A total of 75 students of international relations and political science were recruited from seven universities: Colegio de México (focus groups M1, M2, M3 and M4), Universidad Nacional Autónoma de México (M5, M6) and Universidad Autónoma Metropolitana (M7, M8) in Mexico; and Universidad de Congreso (A1), Universidad Torcuato di Tella (A2, A3), Universidad de Belgrano (A4) and Universidad Nacional de Buenos Aires (A5) in Argentina. The recruitment process was articulated through local universities that granted me permission to both invite participants and conduct the focus groups on their premises. The participants were informed of the aims of the study both in the invitation and at the start of each session. The gender ratio varied across the sessions but overall remained fairly similar, with 47% female and 53% male participants in Mexico compared with 49% female and 51% male in Argentina. All students were natives of their respective countries, except for one Mexican-US citizen (M1) and one Ecuadorian (M7) in Mexico, and five Mexicans (A1) and one Peruvian (A5) in Argentina.
The sessions were structured in two parts. In the first part, participants were asked about their news media consumption habits, with particular attention to international media. After this, they were invited to watch a series of video clips from RT, HispanTV and CCTV, which were taken from programmes broadcast between April and September 2016 and edited into a compilation lasting no more than six minutes per channel. The excerpts were selected to reflect the variety of content and the ‘spirit’ of the channel, especially regarding the coverage of topics that appeared to respond to the broadcasters’ aim to provide an ‘alternative’ to mainstream Western media (as declared on their websites). Coverage included news exposing human rights issues in the USA, cases debunking freedom of expression in Western media, and reports aimed at rectifying perceived misconceptions about the broadcasters’ countries of origin (e.g. oppression of women in Iran). Other aspects considered for the selection of excerpts were: types of programmes (from news bulletins and interviews to debates and reports), location of reporting (e.g. coverage of and from Latin American countries, the channel’s own country or others), diversity of journalists, reporters, presenters and news readers (gender, language and apparent country or region of origin). Despite this effort to produce a comprehensive and representative selection, participants were still warned that the compilations might display unintentional bias. 1
The rationale behind the use of video clips to prompt the discussion was the assumption that very few participants would have seen these channels. Therefore, it was imperative to explore whether these first impressions had stirred any interest. Since the video clips are polysemic texts that can be interpreted in different ways, it was important not just to understand if the content was interesting to them, but also if the packaging was appealing. Hesmondhalgh (2013) argues that aesthetic experience is crucial in the process of interpretation:
We also need to take into account the aesthetic experiences brought about by texts – their capacity to engage or bore, please or alienate. To think about meaning, aesthetic experience and emotion means addressing questions of form as well as content. By ‘form’, I mean how texts look and sound, their stylistic properties as well as the stories they tell and the assertions they make (p. 50).

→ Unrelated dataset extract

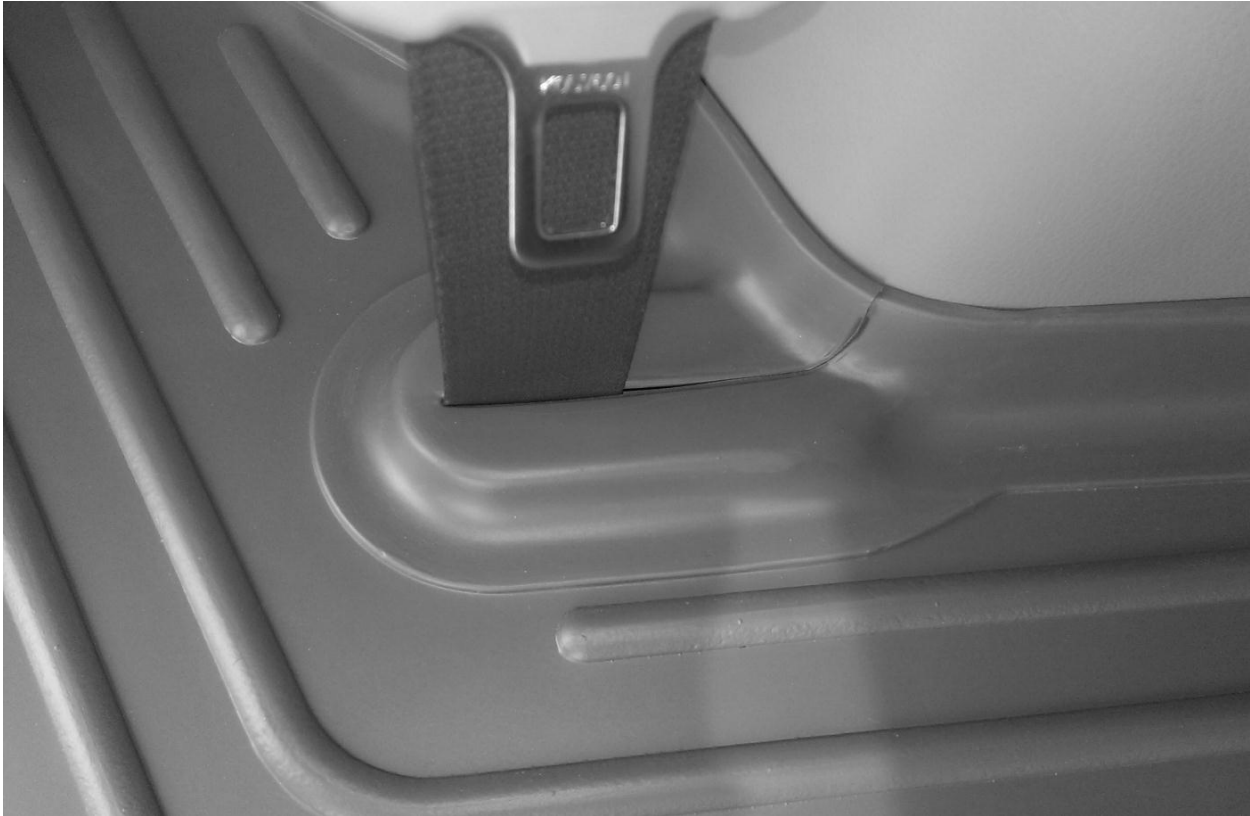
IMAGE SHOWING LINER TRIMMED AND SEAT BELT INSERTED INTO TRIMMED SLOT.

Arising from this idea, the participants were encouraged to take notes about their impressions of three aspects: style, presenters and content, which were then discussed, prompted by questions from the moderator. All sessions were audio-recorded and transcribed using pseudonyms to maintain participant anonymity. The data collected was analysed and thematically coded using NVivo.

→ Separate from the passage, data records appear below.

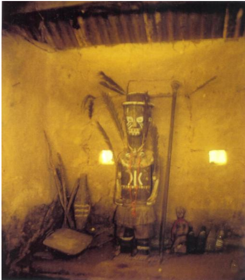
Plate 1: Isobowei (1978)
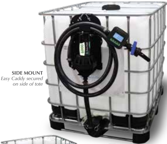
SIDE MOUNT Easy Caddy secured on side of tote
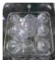
Basket for graduated glasses
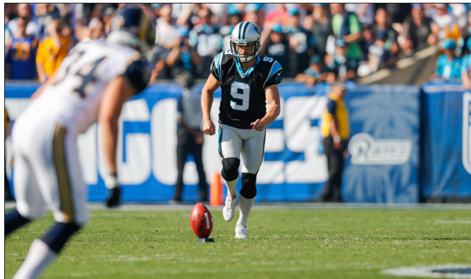
Kicker Graham Gano has been one of the leading kickoff men in the NFL over the past five seasons, tied for first in the NFL in touchback percentage.

Gano currently holds the best single-season touchback percentage in franchise history. He is three touchbacks away from the franchise's total touchback record which he set in 2015 (69).
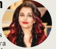
Aishwarya Rai Bachchan

Bridging cultural distance by association and disassociation
Just as local news channels domesticate international news items by ‘render(ing) them more familiar, more comprehensible and more compatible for consumption by different national audiences’ (Gurevitch and Levy, 1990: 30), RT, HispanTV and CCTV bridge the cultural distance by enhancing associations with the viewers’ own culture. This is often achieved by adopting a broadcasting style that viewers are familiar with, comparable with local and national broadcasters, or even Western broadcasters. For example, Melisa (A4) thought RT ‘looked more like the channels here’ in Argentina. Manuel (A4) agreed, saying it looked ‘very Western’. The strategy of adopting a familiar style seemed to work in favour of RT. Germán (M7) noted RT’s style ‘was quite agile and that agility makes it attractive, interesting to watch’. Hortencia (M8) thought RT’s style ‘helps you stay there’, that is stay tuned. José (A2) thought ‘RT is the most attractive one, besides it is the one that most resembles the Western media’. Juliana (A2) agreed and pointed out that visual aspects such as image quality and brightness gave the impression that it was better ‘designed’ or ‘organised’. Jaime (A2) compared RT to Al-Jazeera as a non-western broadcaster using a western format to generate credibility.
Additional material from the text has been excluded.